Retype only what runs from the first line of the listing to the line holding "Auf dieses Bild", both included. Do not retype the pictures.
··· Given data ···
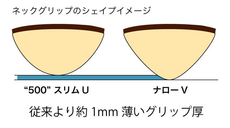 そこで500番は、多くのギタリストに違和感なく、弾きやすく感じられるオリジナルのスリムUシェイプに設計し直しました。
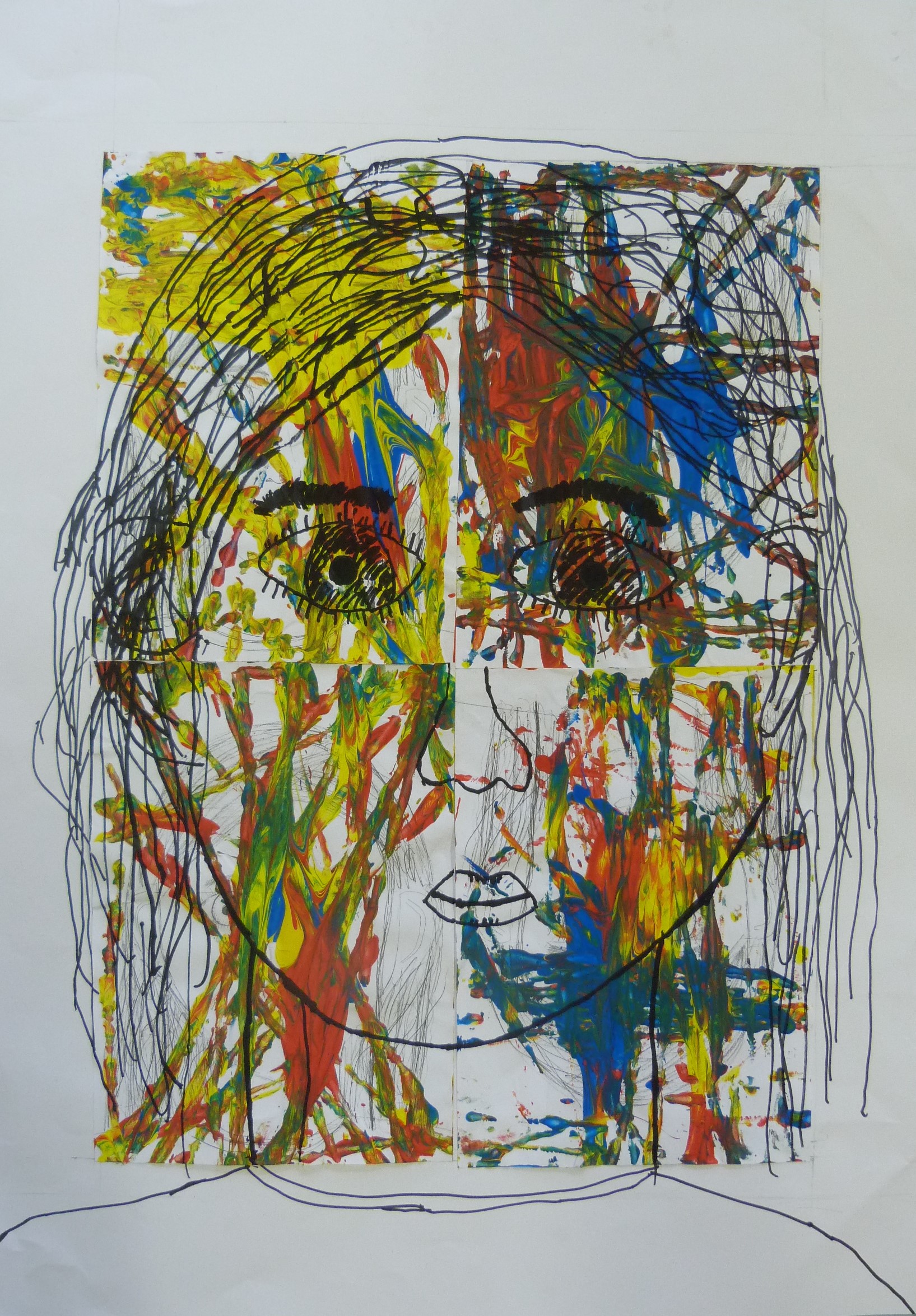 Auf dieses Bild zeichneten die Schülerinnen und Schüler nochmals sich selbst. Dadurch werden zum einen die vier einzelnen Porträts miteinander verbunden, zum anderen erhält das Bild eine Tiefenwirkung, die zum Entdecken einlädt.
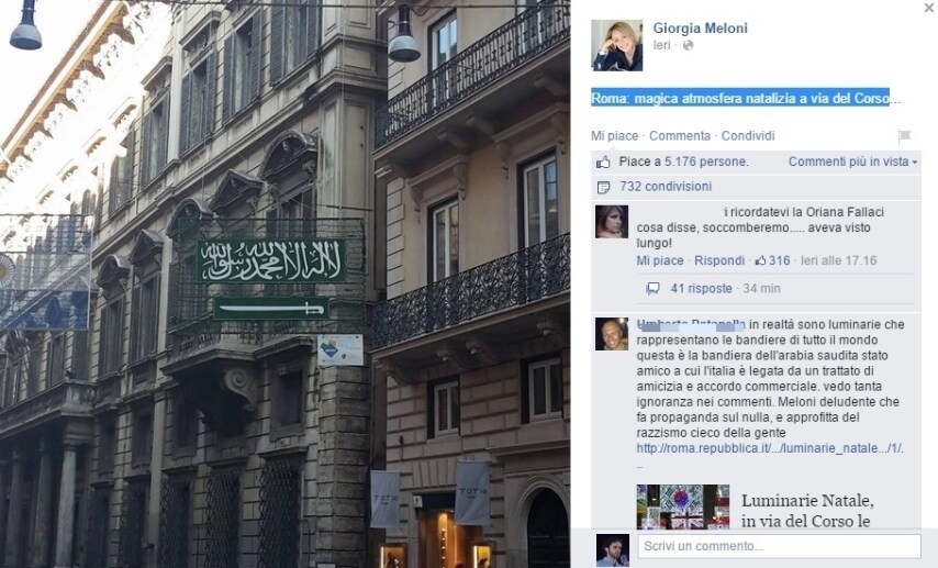 La presidente di Fratelli d’Italia ha pubblicato una foto sul suo profilo Facebook in cui si vede una bandiera verde con un’iscrizione in arabo (come fa notare il sito glistatigenerali.com, si tratta della shahada, la professione di fede enunciata da ogni buon musulmano). A corredo la scritta che sa molto di polemica: "Roma: magica atmosfera natalizia a via del Corso”. I commenti degli utenti lasciano ben intendere il velato sarcasmo xenofoba di cui è intrisa la didascalia: "Ringraziamo Alfano....siamo diventati una fogna a cielo aperto....va bene un numero chiuso come in svizzera ma non mezza Africa da noi..." o "ricordatevi la Oriana Fallaci cosa disse, soccomberemo..... aveva visto lungo!". In realtà però la stragrande maggioranza dei commenti, è di utenti che ci tengono a fare una dovuta precisazione: "in realtà sono luminarie che rappresentano le bandiere di tutto il mondo questa è la bandiera dell'arabia saudita stato amico a cui l'italia è legata da un trattato di amicizia e accordo commerciale. vedo tanta ignoranza nei commenti. Meloni deludente che fa propaganda sul nulla, e approfitta del razzismo cieco della gente".
···
▶ Exercise response
 そこで500番は、多くのギタリストに違和感なく、弾きやすく感じられるオリジナルのスリムUシェイプに設計し直しました。
 Auf dieses Bild zeichneten die Schülerinnen und Schüler nochmals sich selbst. Dadurch werden zum einen die vier einzelnen Porträts miteinander verbunden, zum anderen erhält das Bild eine Tiefenwirkung, die zum Entdecken einlädt.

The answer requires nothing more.